=== DATA BLOCK ===
==============================
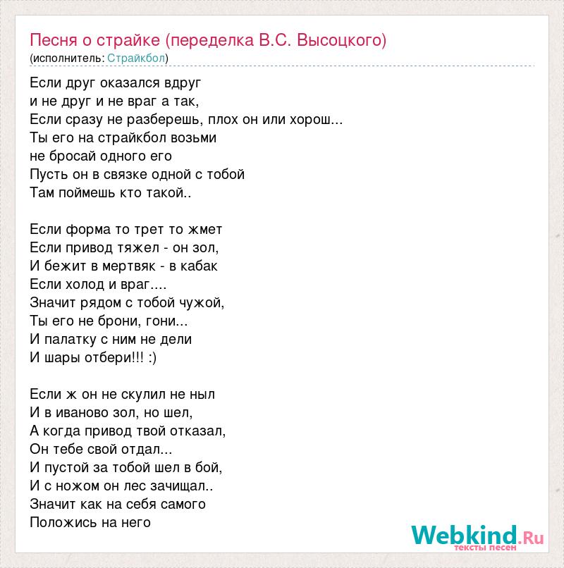 Если друг оказался вдруг и не друг и не враг а так, Если сразу не разберешь, плох он или хорош... Ты его на страйкбол возьми не бросай одного его Пусть он в связке одной с тобой Там поймешь кто такой.. Если форма то трет то жмет Если привод тяжел - он зол, И бежит в мертвяк - в кабак Если холод и враг.... Значит рядом с тобой чужой, Ты его не брони, гони... И палатку с ним не дели И шары отбери!!! :) Если ж он не скулил не ныл И в иваново зол, но шел, А когда привод твой отказал, Он тебе свой отдал... И пустой за тобой шел в бой, И с ножом он лес зачищал.. Значит как на себя самого Положись на него
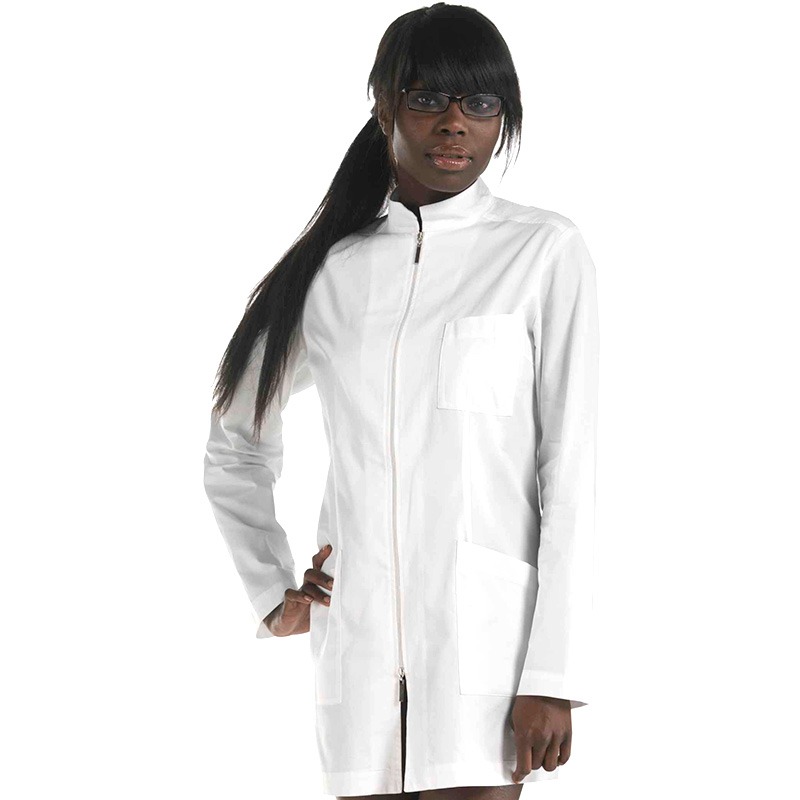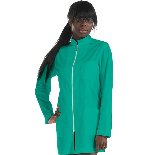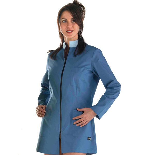 Camice donna manica lunga,ย in policotone con due tasche ed un taschino. Collo a fascetta e martingala posteriore in contrasto. Chiusura lampo centrale. note: il colore verde chirurgia รจ tinta unita (no contrasti)
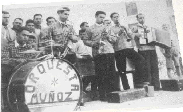 ![]() Orquesta Muñoz de Castil de Campos durante una de sus actuaciones con Justo Muñoz Moral y su saxo en el centro. Foto: Sección Blanco y Negro de la web de Castil de Campos: www.castildecampos.webcindario.com
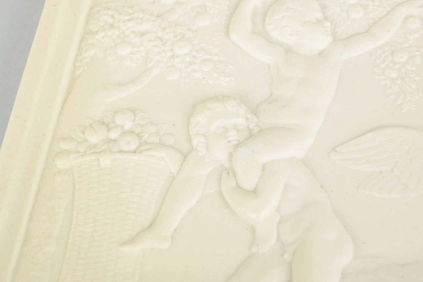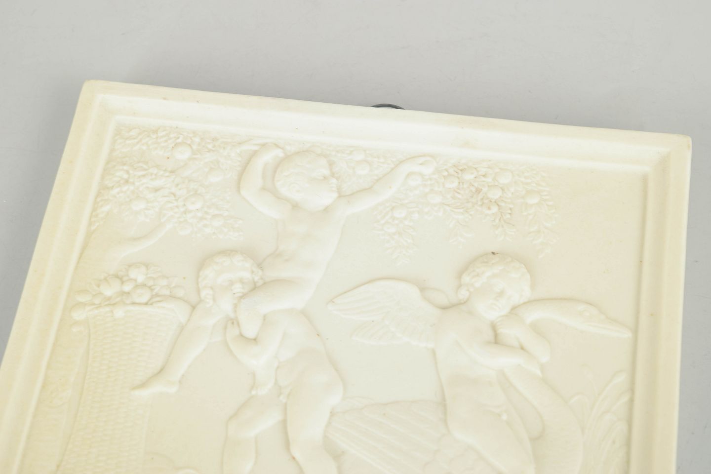 Rektangulært vægrelief i hvidt bisquitporcelæn med klassicistisk motiv af putti efter Bertel Thorvaldsen, udført med fine detaljer og blød modellering i nyklassicistisk stil.
==============================
=== EXERCISE ===
Pictures are to be omitted. Output verbatim only the lines from the one holding "Camice donna manica" through the end of the material, both included.

=== THE ANSWER ===
 Camice donna manica lunga,ย in policotone con due tasche ed un taschino. Collo a fascetta e martingala posteriore in contrasto. Chiusura lampo centrale. note: il colore verde chirurgia รจ tinta unita (no contrasti)
 ![]() Orquesta Muñoz de Castil de Campos durante una de sus actuaciones con Justo Muñoz Moral y su saxo en el centro. Foto: Sección Blanco y Negro de la web de Castil de Campos: www.castildecampos.webcindario.com
 Rektangulært vægrelief i hvidt bisquitporcelæn med klassicistisk motiv af putti efter Bertel Thorvaldsen, udført med fine detaljer og blød modellering i nyklassicistisk stil.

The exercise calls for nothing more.